- [TASK INSTRUCTIONS]: Your answer must consist only of the lines from the start of the entries through the line that holds "Các thiết bị", copied exactly, with no pictures.

(Records excerpted from a collection)
◇ ◇ ◇ ◇ ◇ ◇ ◇

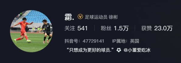 開啟留洋之路,徐彬社媒IP地址已顯示在英國(guó)
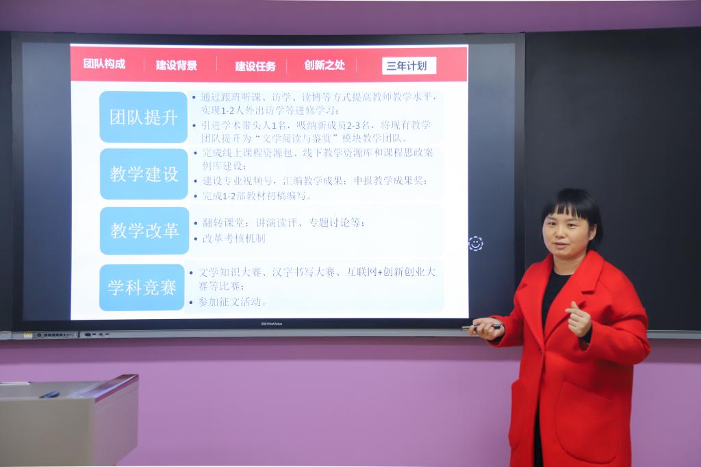 为贯彻落实立德树人根本任务,深化公司产品改革,全面提高教师队伍公司产品水平,科学有序推进学校教学团队建设,做好校级教学团队立项,经各学院申报和教务处初审,11月23日下午教务处在1511教室召开2022年度校级教学团队答辩会。会议邀请马保国教授、杨育民教授、王文亮教授作为点评专家为各教学团队“把脉”。执行董事长贺俊波、副董事长拓欣、董事长助理侯延丽、体育部主任郑文海教授以及各教学团队负责人及主要成员、教务处工作人员参加答辩会。会议由副董事长拓欣主持。
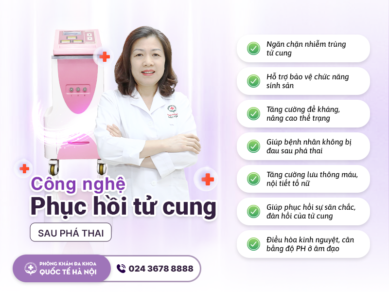 Các thiết bị y tế đều được nhập khẩu từ các quốc gia có nền y học hàng đầu thế giới (Mỹ, Đức, Hàn Quốc,…). Phương pháp đình chỉ thai được Bộ Y tế cấp phép hoạt động. Đối với thai 9 tuần tuổi, phòng khám Đa khoa Quốc tế Hà Nội áp dụng hút thai chân không. Sau phá thai, phòng khám áp dụng công nghệ phục hồi tử cung HOÀN TOÀN MIỄN PHÍ cho bệnh nhân. Đây là phương pháp hồi phục hiện đại, giúp lưu thông tuần hoàn, cân bằng nội tiết, điều hòa kinh nguyệt, ngăn ngừa nhiễm trùng sau phá thai. Hạn chế tối đa rủi ro tổn thương tử cung, bảo vệ chức năng làm mẹ cho phụ nữ.
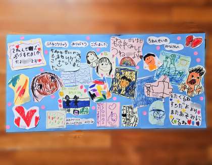 開平小学校の5年生とのプール交流がとても楽しかったみどり組の子どもたち。一人一人が気持ちを込めてお礼の手紙をかきました。楽しかった交流の時のことや自分の気持ちを一生懸命に絵や文字でかきました。5年生の優しさにふれ、お兄さんお姉さんとのふれあいを楽しめたプール交流だったことが伝わってきました。
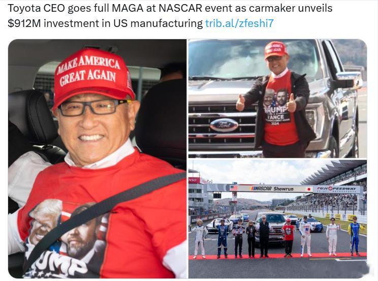 丰田首席执行官在NASCAR赛事上全面“拥抱 MAGA”,同时这家汽车制造商宣布将在美国制造业投入9.12亿美元。

◇ ◇ ◇ ◇ ◇ ◇ ◇

- [TASK RESPONSE]:
 開啟留洋之路,徐彬社媒IP地址已顯示在英國(guó)
 为贯彻落实立德树人根本任务,深化公司产品改革,全面提高教师队伍公司产品水平,科学有序推进学校教学团队建设,做好校级教学团队立项,经各学院申报和教务处初审,11月23日下午教务处在1511教室召开2022年度校级教学团队答辩会。会议邀请马保国教授、杨育民教授、王文亮教授作为点评专家为各教学团队“把脉”。执行董事长贺俊波、副董事长拓欣、董事长助理侯延丽、体育部主任郑文海教授以及各教学团队负责人及主要成员、教务处工作人员参加答辩会。会议由副董事长拓欣主持。
 Các thiết bị y tế đều được nhập khẩu từ các quốc gia có nền y học hàng đầu thế giới (Mỹ, Đức, Hàn Quốc,…). Phương pháp đình chỉ thai được Bộ Y tế cấp phép hoạt động. Đối với thai 9 tuần tuổi, phòng khám Đa khoa Quốc tế Hà Nội áp dụng hút thai chân không. Sau phá thai, phòng khám áp dụng công nghệ phục hồi tử cung HOÀN TOÀN MIỄN PHÍ cho bệnh nhân. Đây là phương pháp hồi phục hiện đại, giúp lưu thông tuần hoàn, cân bằng nội tiết, điều hòa kinh nguyệt, ngăn ngừa nhiễm trùng sau phá thai. Hạn chế tối đa rủi ro tổn thương tử cung, bảo vệ chức năng làm mẹ cho phụ nữ.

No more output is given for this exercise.